SE L’UNICA STRADA RESTA LA CESSIONE DEL BRASILE


Le divergenze sul rilancio di Telecom Italia si sono rivelate insanabili. Inevitabili le dimissioni del presidente esecutivo Franco Bernabè, che da mesi sfidava l’azionista di riferimento, quella Telco che non poteva essere una soluzione definitiva per l’assetto di Telecom, ma che sei anni fa l’aveva collocato alla guida del gruppo. La ricerca di alternative alla compagine formata da un operatore concorrente, Telefonica, e da soci finanziari, per natura a termine (Mediobanca, Generali, Intesa–Sanpaolo) si è naturalmente sempre arenata sullo scoglio di un consiglio per i quattro quinti espressione dell’azionista di maggioranza relativa. Negli ultimi tempi, da quando Telecom ha iniziato a mostrare, con l’evidenza dell’emorragia del cash-flow, tutti i limiti di una gestione comandata sul taglio dei costi, dietro le quinte si sono rimpalleggiate le responsabilità della situazione. Colpa di un azionariato inadeguato a sostenere il rilancio del gruppo o colpa del management che non ha saputo tener testa alla concorrenza?

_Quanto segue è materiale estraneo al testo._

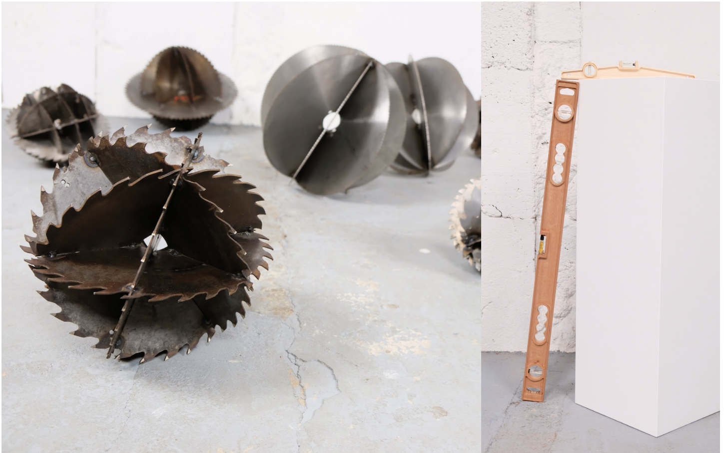
Constellation Circulaire. 2021 lames de scie assemblées 170x180x45cm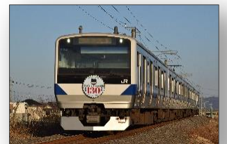
(ヘッドマーク列車イメージ) ※本キャンペーンのデザインとは異なります。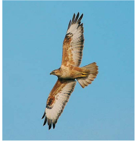
540-541 Arendbuizerd / Long-legged Buzzard Buteo rufinus , onvolwassen, Doel, Oost-Vlaanderen, 25 oktober 2008 (Patrick Beirens)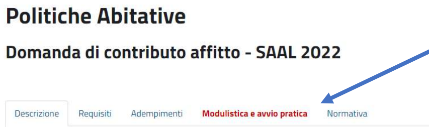
Fig. 5 – Stralcio I Pagina Compilazione Domande

-Allegato A_Guida operativa domanda SAAL 2022-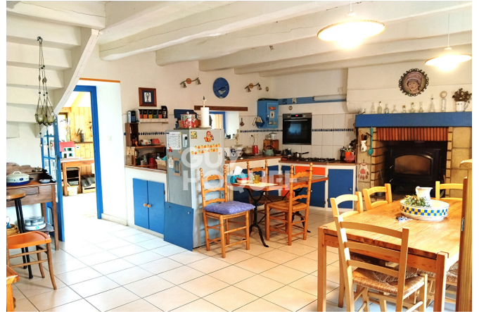
Contactez GUY HOQUET LANVALLAY au 02-79-76-87-86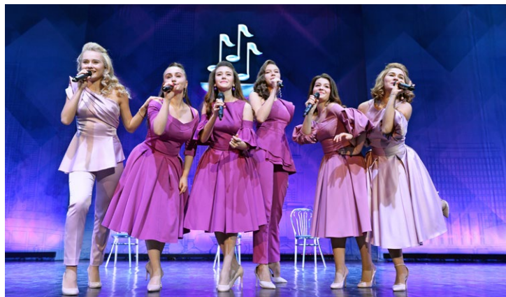
«Прованс» в исполнении Образцового вокального коллектива «Алфавит»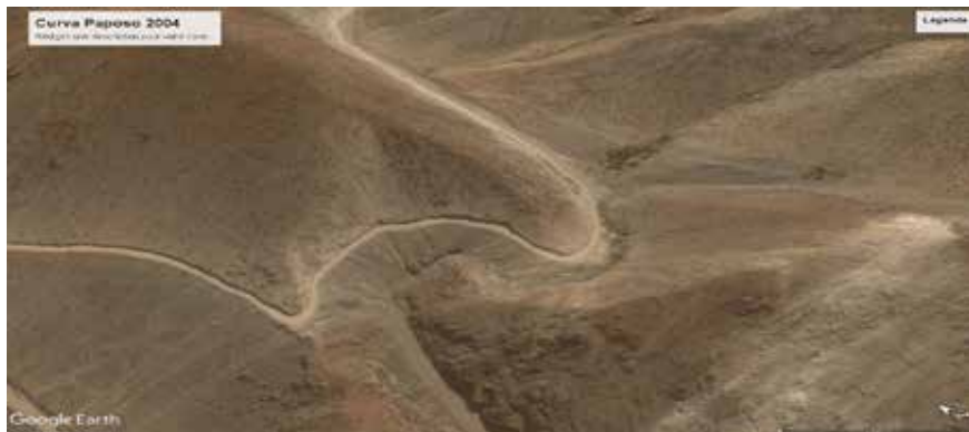
Figura 9. Curva de Paposo en 2004, según trazado original de 1870.

La penúltima curva de Paposo. Agentividad técnica... NICOLAS RICHARD, DIEGO ORTÚZAR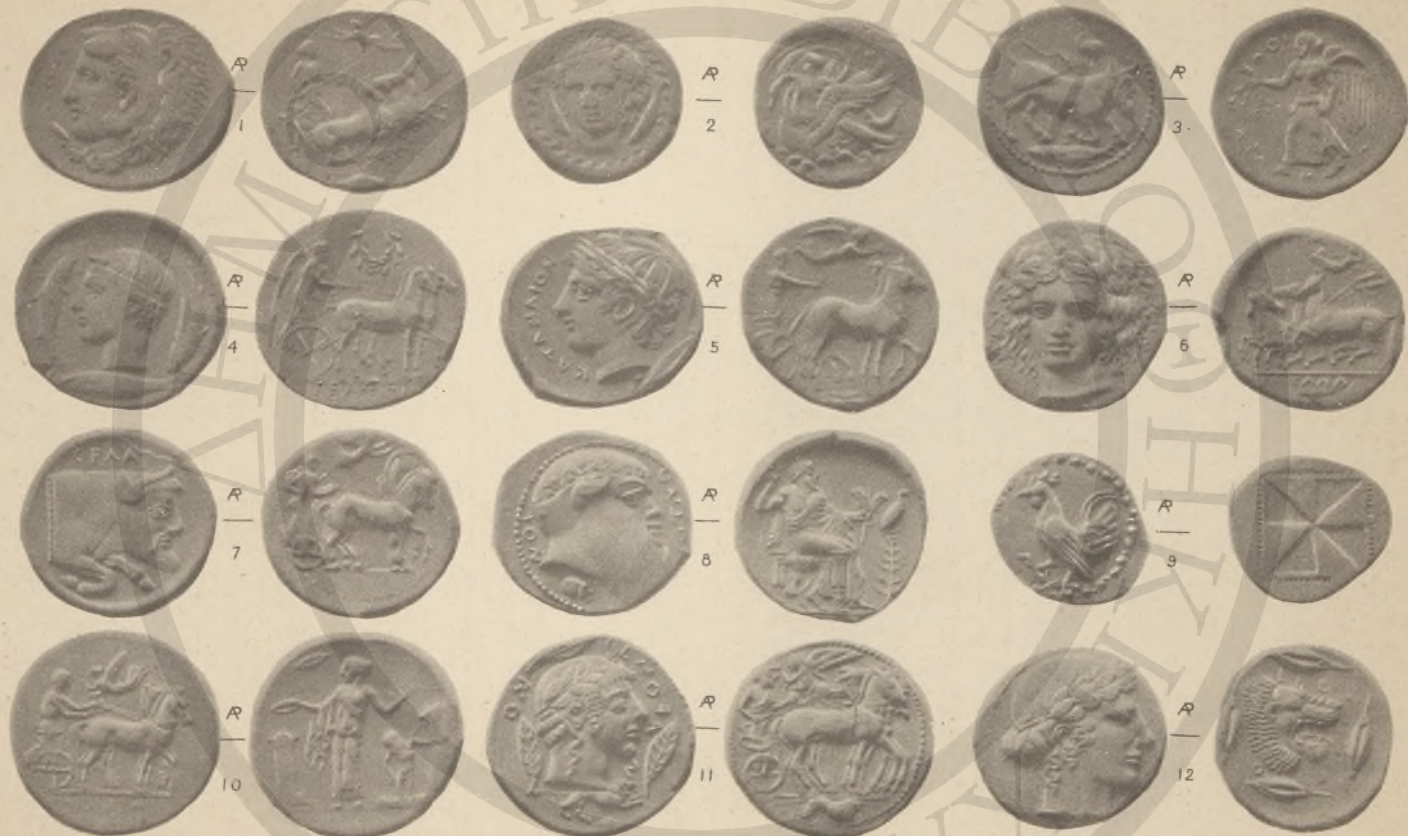
ΞΙΚΕΛΙΑ, 1-12, (Ε' ΚΑΙ Ι'-Ι')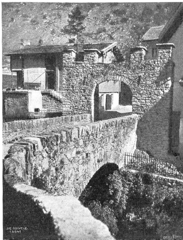
Die alte «Zollbrücke» in Göschenen.

Eine sehr erfreuliche Erscheinung, die auch an dieser Stelle erwähnt zu werden verdient, ist die zunehmende Naturbegeisterung in den Kreisen der Arbeiter. In welcher großen Maße sie vorhanden ist, erfuhr ich durch einen glücklichen Zufall. Ich hatte mich mit einem Freunde auf einer Nachtwanderung zum Säntis im Nebel verirrt, als wir in der Nähe des „Kräzerli“ an einen Zaun kamen, dessen Durchgangstor ein Schild trug: „Zur Naturfreunde-Hütte“. In der Tat gelangten wir schon nach zehn Minuten an die Hütte, in der wir zu unserer Freude noch Licht brennen sahen, obgleich es bereits tief in der Nacht war. Auf unser Klopfen wurde uns aufgetan; wenige Minuten vor uns waren ein paar andere Touristen angekommen, die sich's nun so bequem wie möglich zu machen versuchten. Niemand fragte uns nach dem Woher und Wohin, niemand nach unsern Wünschen oder gar Namen. In einem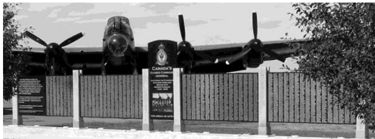
Les noms de plus de dix mille Canadiens sont gravés sur le Mur du Souvenir du Bomber Command Canada.

Des Canadiens servaient déjà dans la RAF au début du conflit, l'engagement de notre pays s'accrut avec la progression de la guerre. En janvier 1943, le groupe n°6 du Bomber Command fut entièrement constitué de Canadiens, officiers et personnels ; à la fin de la guerre, il comptait quatorze escadrons. Plus de dix mille Canadiens périrent au service du Bomber Command, un sacrifice qui ne doit jamais être oublié.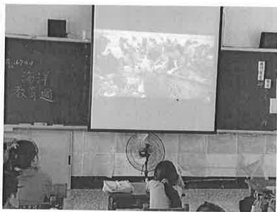
活動說明：淨灘活動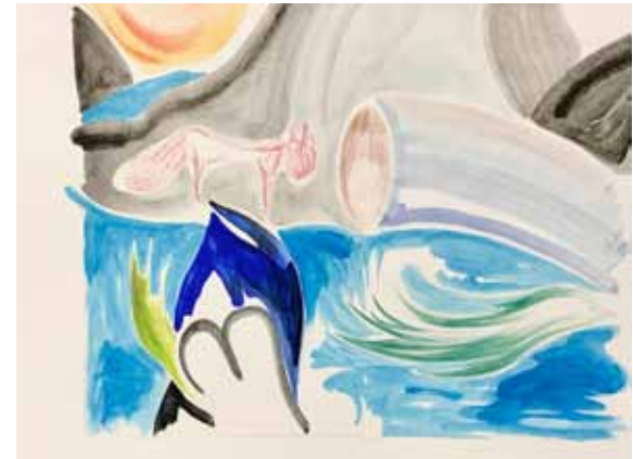
Katze am Fluss Aquarell, Farbstift 20 x 30 cm 2024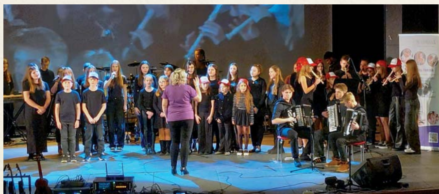
Slávnostný koncert pri príležitosti 25. výročia školy.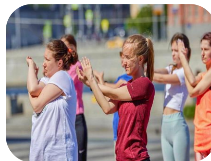
Луганская Народная Республика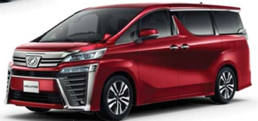
ダークレッドマイカメタリック (3Q3) [エアロタイプ専用色]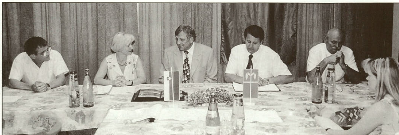
Predstavniki MOP so predstavili nadaljnjo ureditev reke Dravinje. Predstavitvi je prisostvoval tudi minister, dr. Andrej Umek.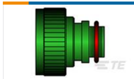
TE 产品编号106443-000 TXR40AB00-1408AI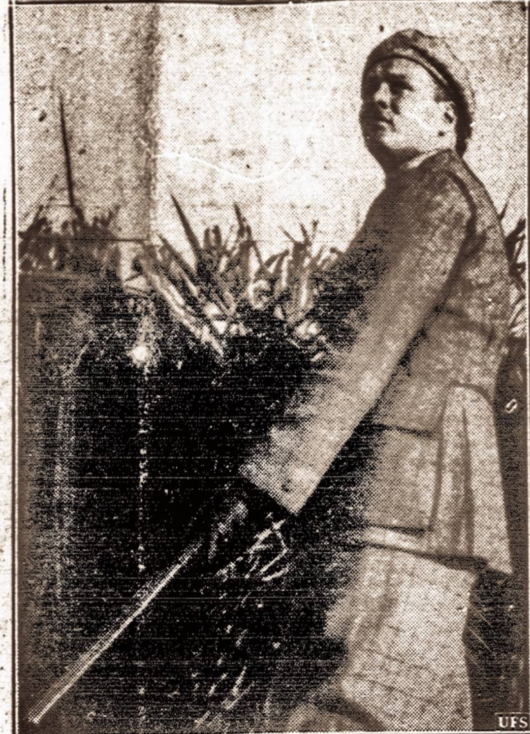
Egipto karalius Faruk, kuris pažadėjo visokeriopą paramą Anglijai.

● Galingosios radijo stoties statyba Lietuvoje ties Babilais jau baigiama. Dalis užsieniuose užsakytų mašinų gauta, o kitos dalies laukiama atsiunčiant.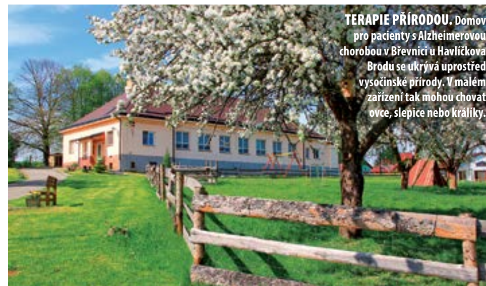
TERAPIE PŘÍRODOU. Domov pro pacienty s Alzheimerovou chorobou v Břevnici u Havlíčkova Brodu se ukrývá uprostřed vysočinské přírody. V malém zařízení tak mohou chovat ovce, slepice nebo králíky.

Text: Radka Římanová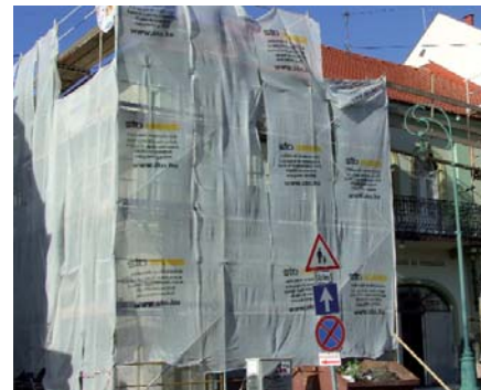
A MEGÚJULÁS ALATT ÁLLÓ ÉPÜLET

Il risultato alla fine è che ha dovuto cedere il manager che sollecitava la ricapitalizzazione per liberare il gruppo dalla morsa soffocante di un debito minacciato dal declassamento a spazzatura e per compensare l’erosione degli attivi immateriali rappresentati dagli avviamenti creati dalle fusioni Olivetti-Telecom e Telecom-Tim. Cifre importanti, dell’ordine, rispettivamente, di 40 e 30 miliardi. L’alternativa alla ricapitalizzazione ora è solo una: la rinuncia al Brasile che finora aveva controbilanciato con la crescita il rallentamento del mercato domestico. Le attività in sovrapposizione in Sudamerica sono oltretutto il principale ostacolo a una vera integrazione con Telefonica, che l’Antitrust brasiliana non a caso ieri ha chiamato a rapporto. Dalla valorizzazione di Tim Brasil dipenderà la possibilità di sostenere con convinzione il piano di ammodernamento della rete fissa che l’Italia reclama.